* _WHAT YOU NEED TO DO_:
Using the data below, return the stretch from the line that contains "El Yapımı Papatya" through the line that contains "guys out there.", both included, exactly as it stands and nothing beyond it.

BEGIN DATA RECORDS

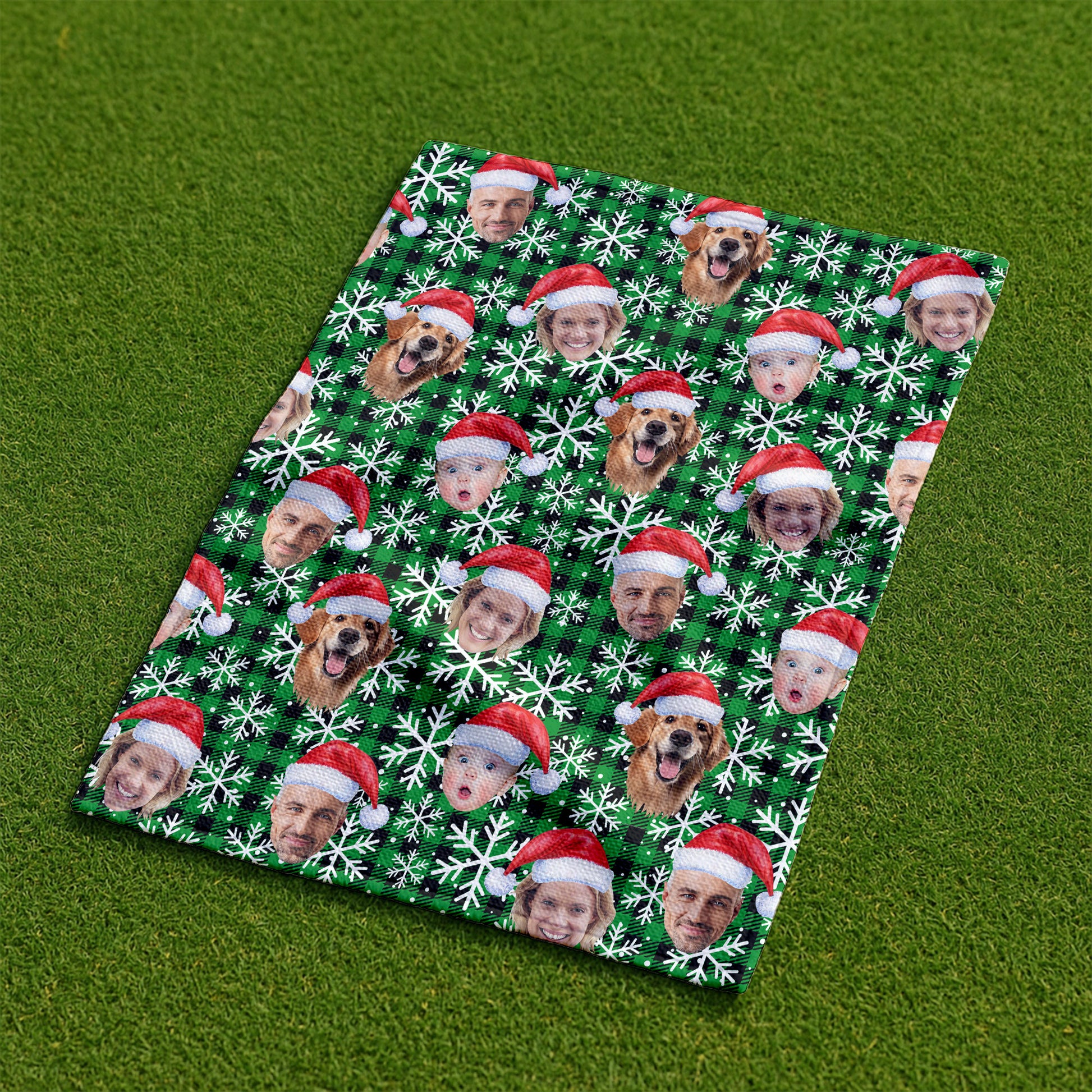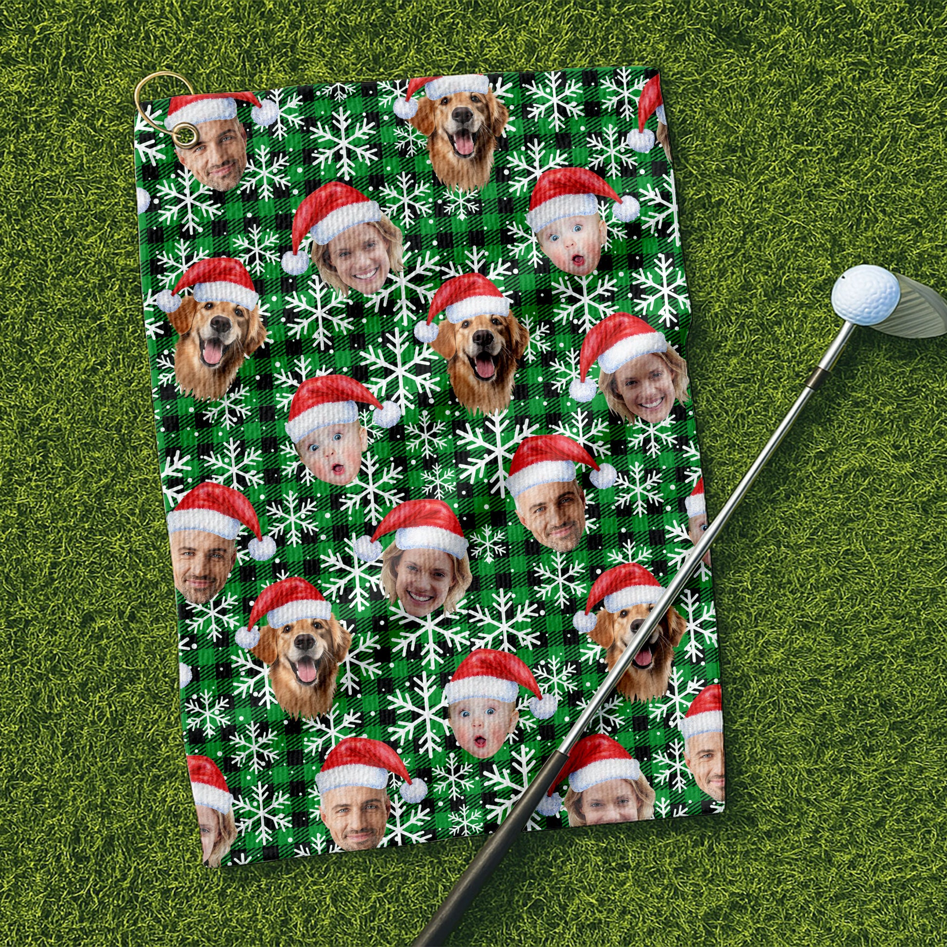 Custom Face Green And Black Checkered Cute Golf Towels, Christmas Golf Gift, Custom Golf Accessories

END DATA RECORDS
BEGIN DATA RECORDS

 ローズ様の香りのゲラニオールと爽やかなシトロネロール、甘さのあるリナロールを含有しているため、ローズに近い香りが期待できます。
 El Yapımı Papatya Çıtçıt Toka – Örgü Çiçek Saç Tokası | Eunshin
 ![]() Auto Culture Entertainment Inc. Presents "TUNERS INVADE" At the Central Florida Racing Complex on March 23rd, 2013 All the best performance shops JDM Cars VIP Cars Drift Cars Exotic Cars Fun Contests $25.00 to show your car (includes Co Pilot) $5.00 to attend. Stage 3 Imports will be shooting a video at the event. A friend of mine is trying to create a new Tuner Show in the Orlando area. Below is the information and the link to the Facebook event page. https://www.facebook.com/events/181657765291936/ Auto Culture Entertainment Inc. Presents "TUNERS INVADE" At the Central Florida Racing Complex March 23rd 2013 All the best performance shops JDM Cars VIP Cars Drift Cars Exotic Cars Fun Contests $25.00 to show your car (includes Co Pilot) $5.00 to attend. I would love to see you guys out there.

END DATA RECORDS
BEGIN DATA RECORDS

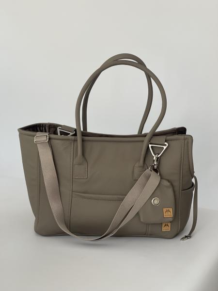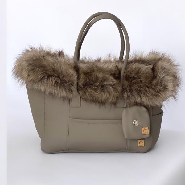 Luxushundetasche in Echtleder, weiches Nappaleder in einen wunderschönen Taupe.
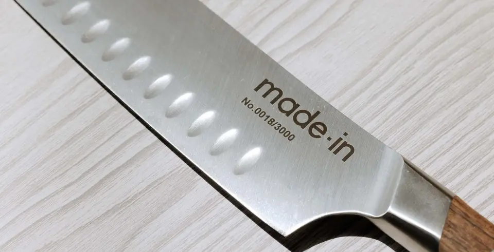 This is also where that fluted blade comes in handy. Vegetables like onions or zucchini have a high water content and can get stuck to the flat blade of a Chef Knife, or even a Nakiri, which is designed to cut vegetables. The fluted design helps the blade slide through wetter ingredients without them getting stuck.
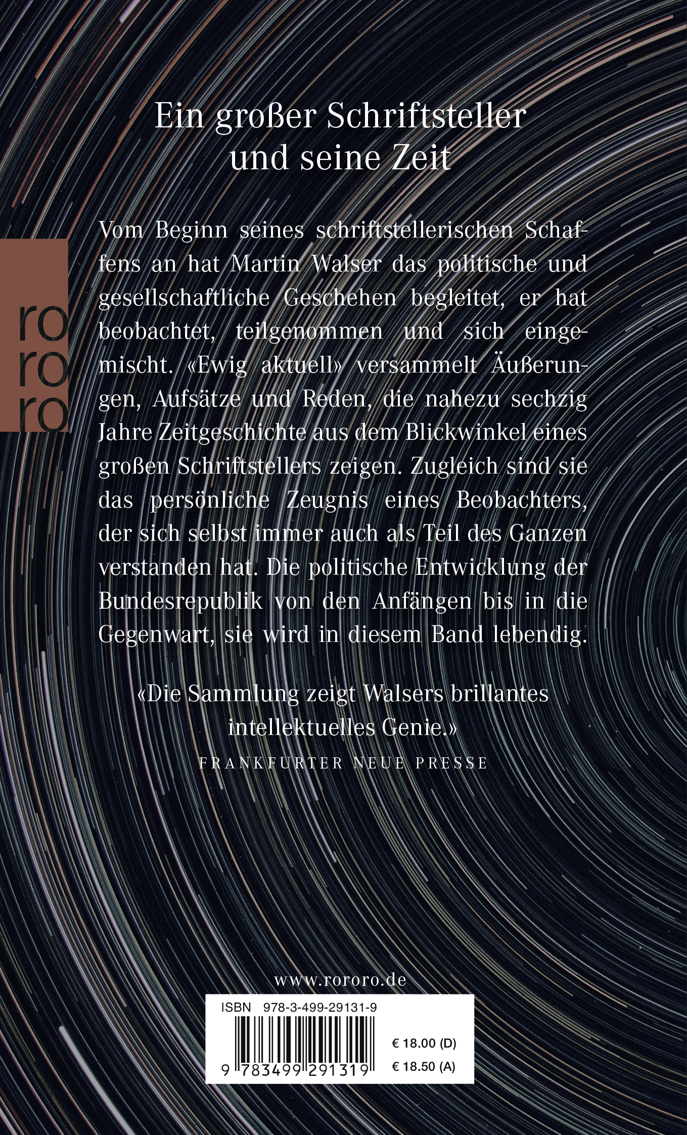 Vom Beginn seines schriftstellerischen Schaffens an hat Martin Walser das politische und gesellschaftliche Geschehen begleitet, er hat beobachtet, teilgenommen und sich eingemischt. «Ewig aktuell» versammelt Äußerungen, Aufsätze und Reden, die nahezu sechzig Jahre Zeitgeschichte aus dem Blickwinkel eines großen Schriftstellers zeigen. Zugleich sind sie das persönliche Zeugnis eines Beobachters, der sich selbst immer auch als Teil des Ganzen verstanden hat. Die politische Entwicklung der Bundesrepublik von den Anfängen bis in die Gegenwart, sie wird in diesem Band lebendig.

END DATA RECORDS

* _OUTPUT BELOW_:
 El Yapımı Papatya Çıtçıt Toka – Örgü Çiçek Saç Tokası | Eunshin
 ![]() Auto Culture Entertainment Inc. Presents "TUNERS INVADE" At the Central Florida Racing Complex on March 23rd, 2013 All the best performance shops JDM Cars VIP Cars Drift Cars Exotic Cars Fun Contests $25.00 to show your car (includes Co Pilot) $5.00 to attend. Stage 3 Imports will be shooting a video at the event. A friend of mine is trying to create a new Tuner Show in the Orlando area. Below is the information and the link to the Facebook event page. https://www.facebook.com/events/181657765291936/ Auto Culture Entertainment Inc. Presents "TUNERS INVADE" At the Central Florida Racing Complex March 23rd 2013 All the best performance shops JDM Cars VIP Cars Drift Cars Exotic Cars Fun Contests $25.00 to show your car (includes Co Pilot) $5.00 to attend. I would love to see you guys out there.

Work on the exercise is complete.